If your purpose for dating is to find a spouse, be upfront and honest right off the bat. If your intentions for dating are simply to get out of the house a couple times a month and enjoy the company of another person while participating in an activity or experience, say so, and BE HONEST! Expressing your expectations from the beginning means you are not wasting your time or their’s and that is something you should both appreciate. Once you have each expressed your purpose for dating and they align and it is to find a spouse be as real and raw as you can, inquire about the work they are doing and I’m not talking about their profession, their interior work. Are they holding onto others’ expectations of themselves? Fulfilling the role others want of them?

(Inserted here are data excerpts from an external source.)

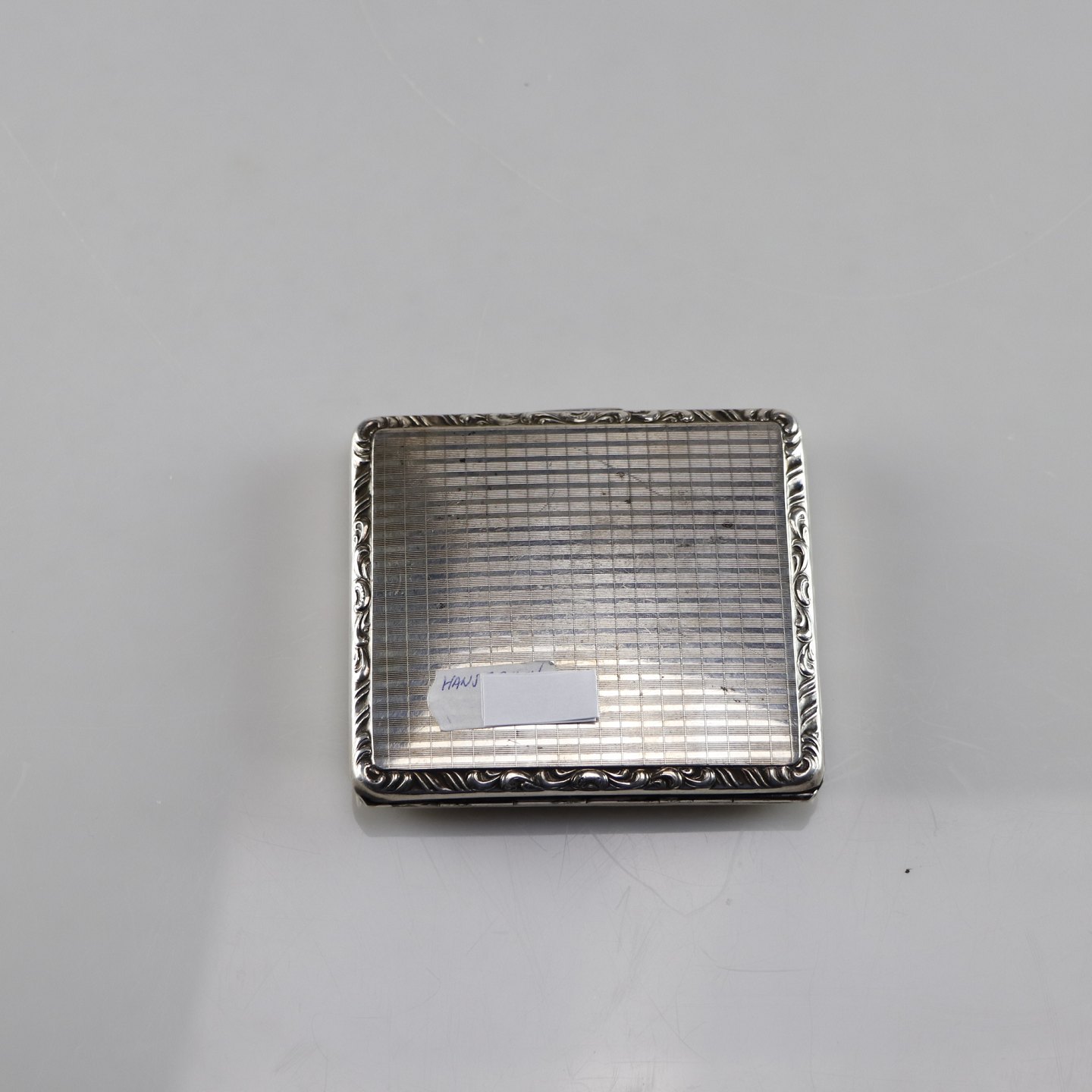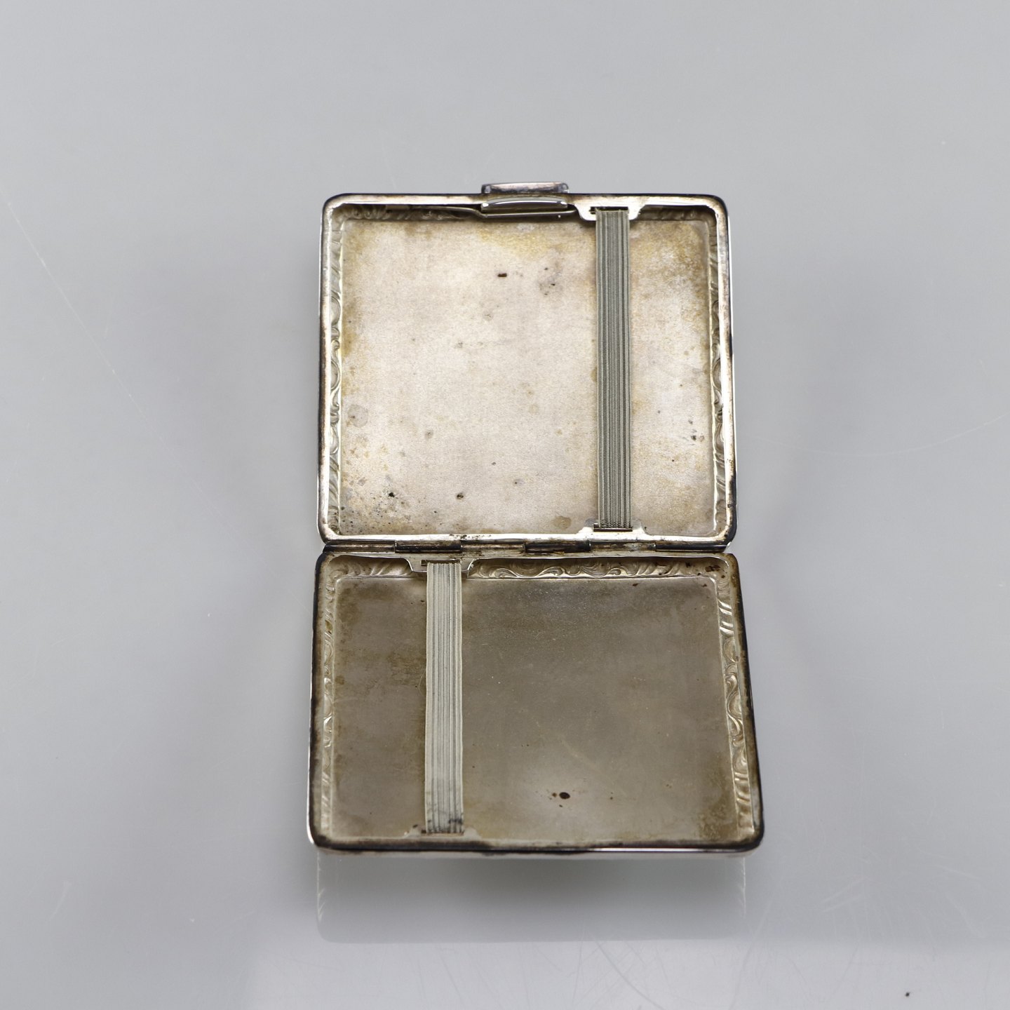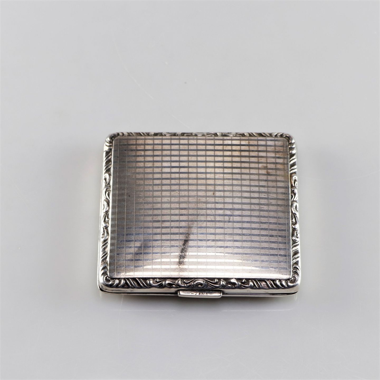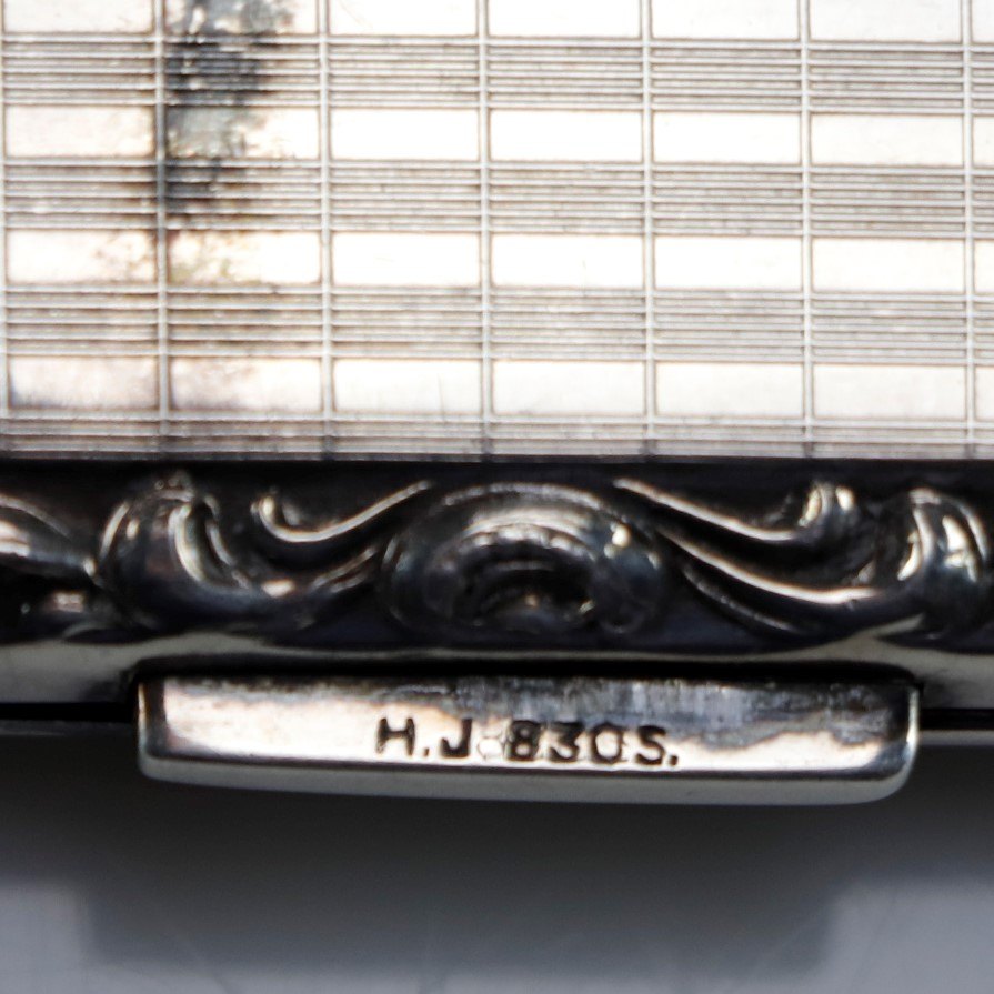Etui til cigaretter i sølv med mønsteret kant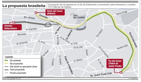 Perú - La nueva vía rápida cubrirá desde el puente Huáscar hasta avenida Universitaria con Morales Duárez | La ciudad de Lima contará próximamente con una nueva Vía Expresa, denominada “Línea Amarilla”, gran parte de la cual correrá por debajo del río Rímac en un túnel de dos kilómetros, anunció hoy el alcalde de la comuna metropolitana, Luis Castañeda Lossio.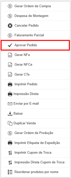 Ao faturar o pedido, você poderá emitir sua NF-e. Acesse o artigo Como emitir NF-e através de Pedidos no SIGE Cloud e saiba mais sobre o assunto.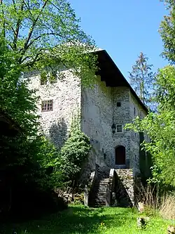 Kolovrat Castle (sometimes also Spodnji Kolovrat,[2] German: Unterkolowrat[2]) is a castle built on a small hill southeast of the settlement (46°9′53.09532″N 14°52′37.04016″E / 46.1647487000°N 14.8769556000°E). It was first mentioned in written documents dating to 1256. It was badly damaged in the 1895 earthquake. After 1945 part of the castle was restored.[7]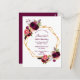 Sur le devant : Une invitation pour une élégante fête du 60e anniversaire. Un arrière - plan blanc chic avec un cadre géométrique en faux or. Décoré de fleurs bordeaux foncé et rose aquarelle, de plumes roses et boho. Modèles pour un nom et les détails de la fête. Le nom est écrit avec un script de style écrit à la main, des lettres de couleur bordeaux. Retour : arrière - plan de couleur bordeaux.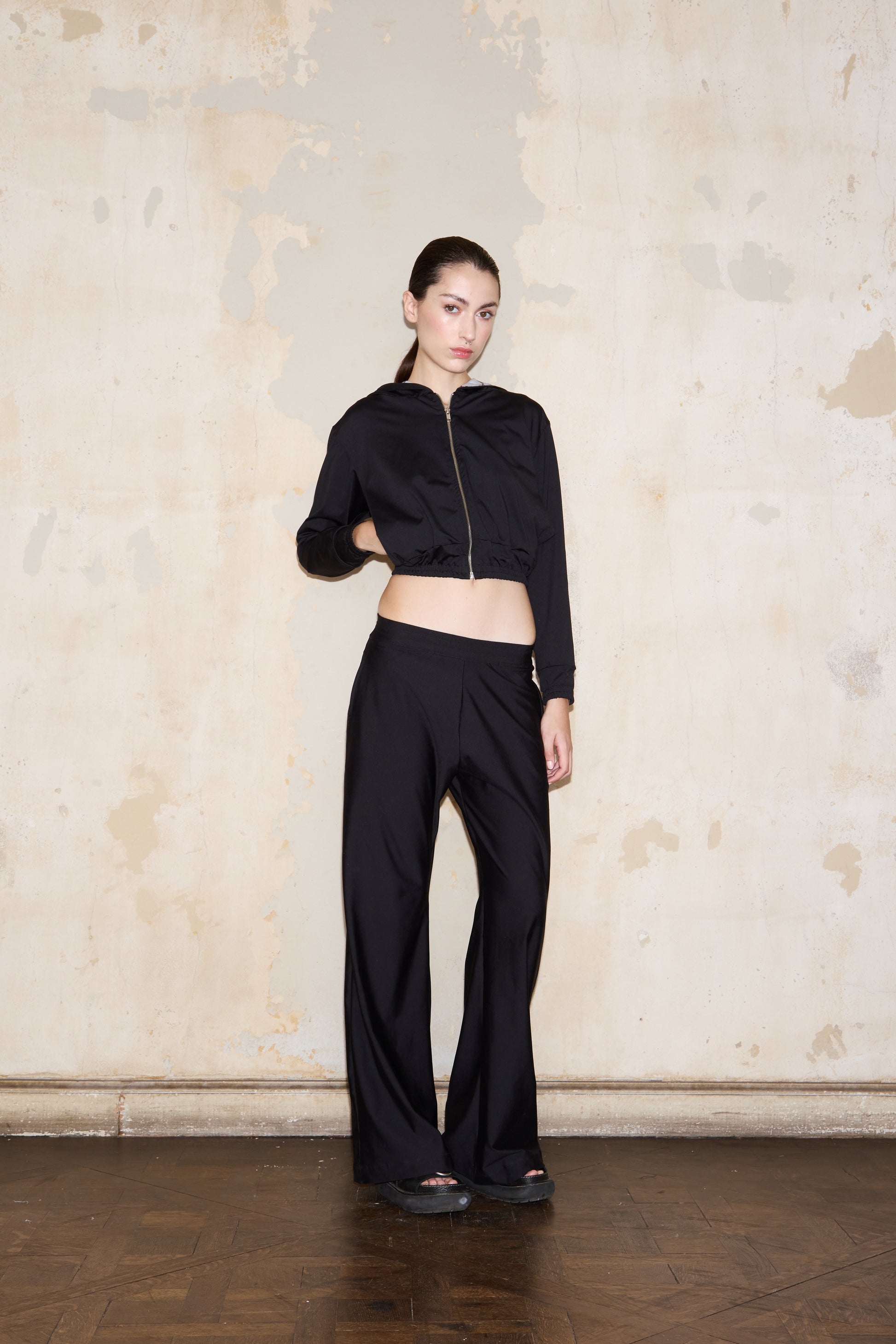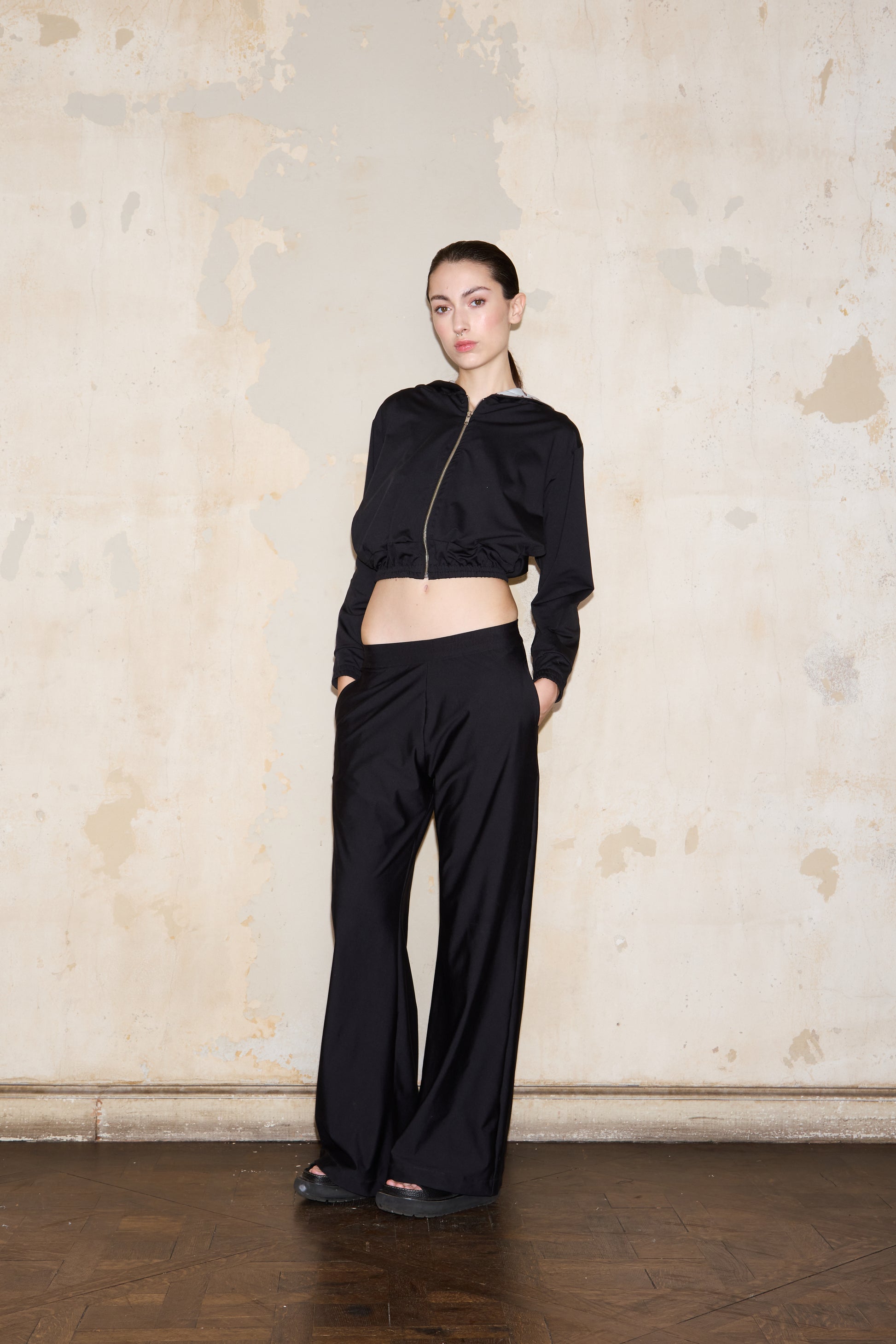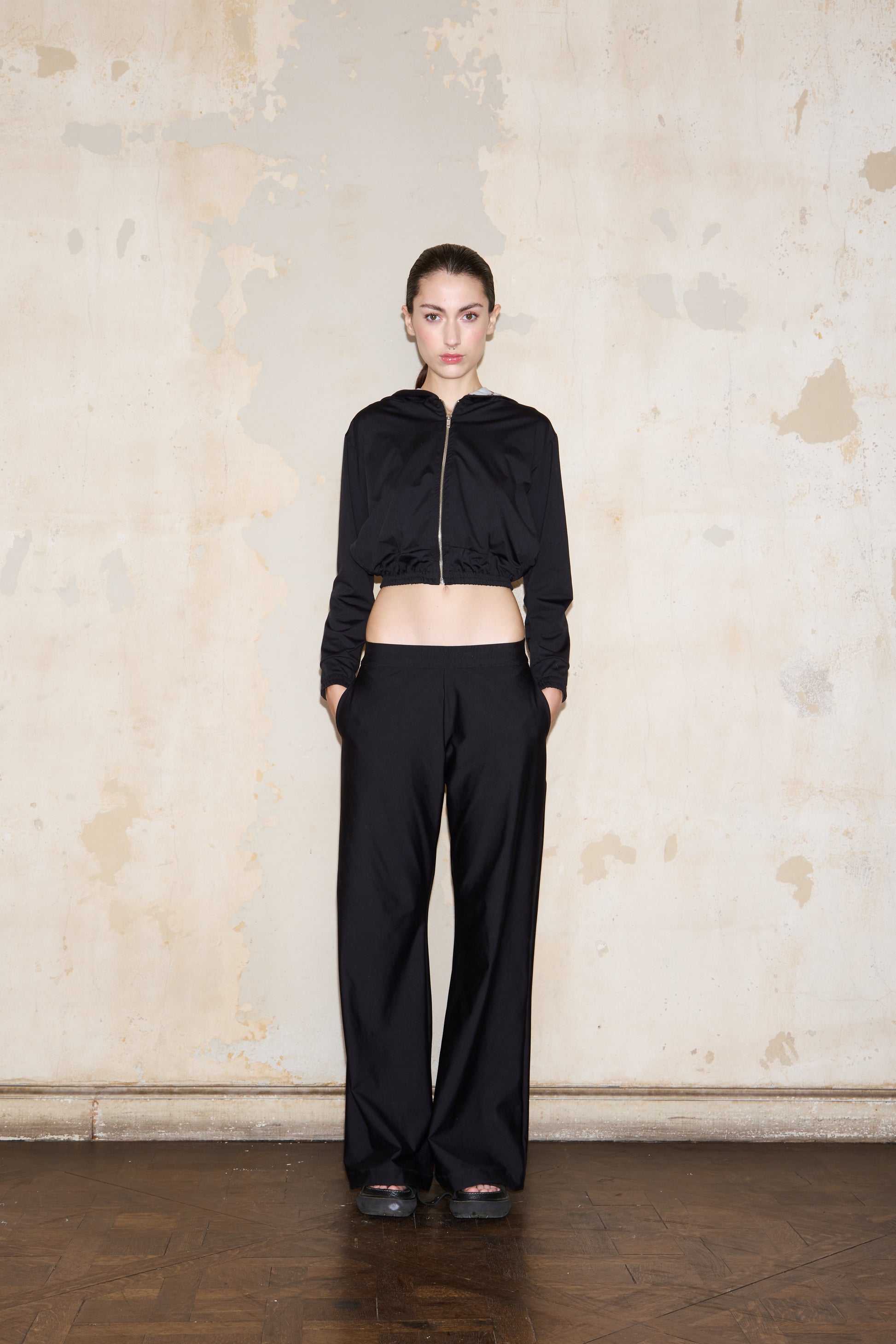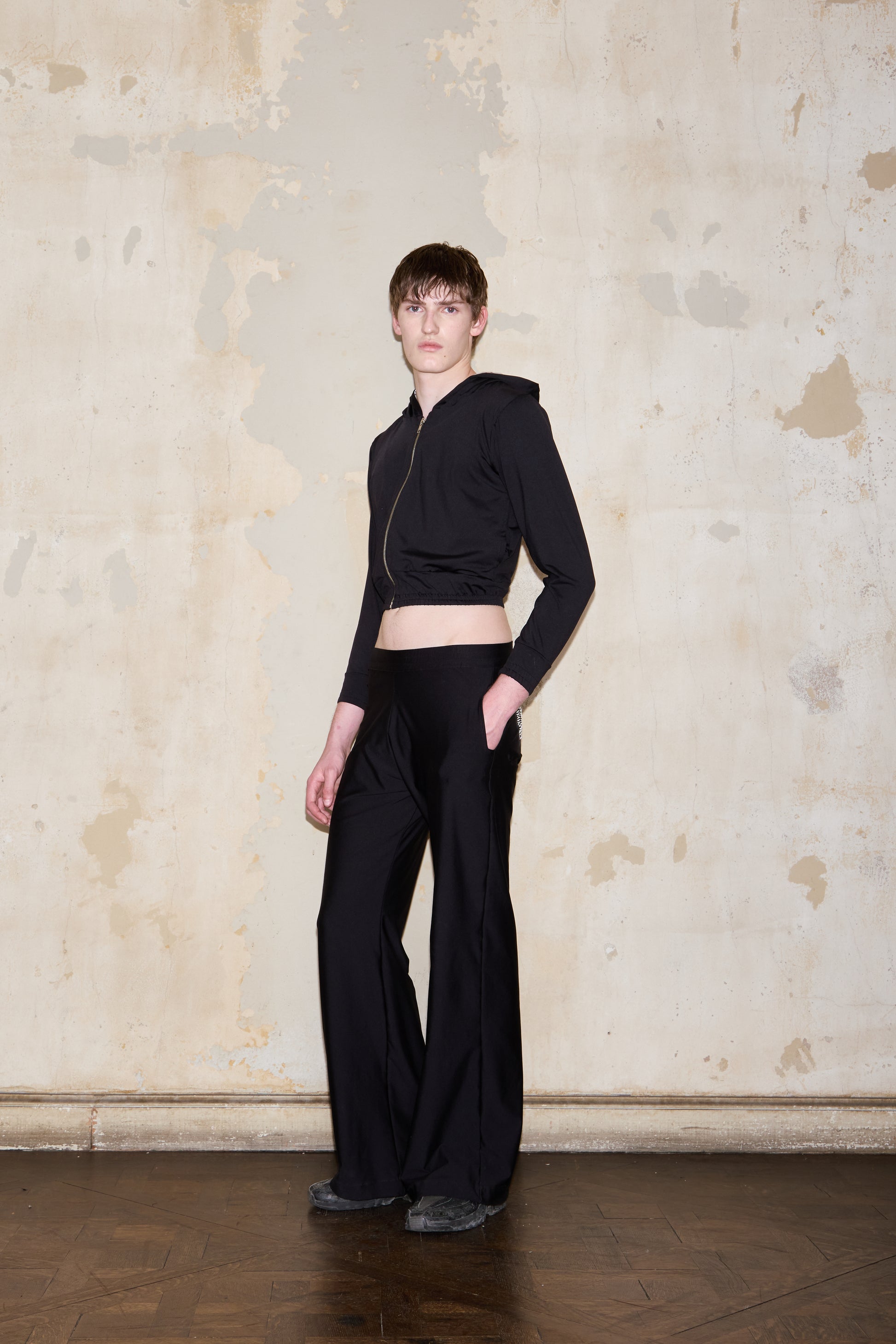 Cropped hoodie lined with exclusive ESQUINA sten print. The back features the inscription "D10SA" in rhinestones.

Do they want to get married because the culture says it is what they should do now, do they feel pressure from family or friends? Talk about any trauma or abuse, how did they work through that, have they worked through that? What would they say are triggers they are currently working on? What is their relationship with social media? Discuss boundaries, how would they define boundaries? How do they establish boundaries with their parents family and friends? What do they think a spouse’s role should be in a marriage? (If they mention happiness, RUN!) Only once you have honest answers to these questions will all the others be answered, including finances, religion, and politics. If someone knows who they truly are, their inner self, they know if they have misplaced happiness in material goods and perhaps spend too much, they know if they are struggling with addiction and what the triggers are, perhaps their anxiety escalates when on social media and are going cold turkey. Bottomline, you know when someone is doing the work and when they’re not, and often, the one key element that will really solidify the answer, time! Give it time, a person can only keep up a charade for so long.
You will know you have found someone who has done the hard work because there will not be the insecurities, need for control, or manipulation, for you to fulfill a void or hole within them, and a beautiful intimacy can occur when two individuals both know who they are!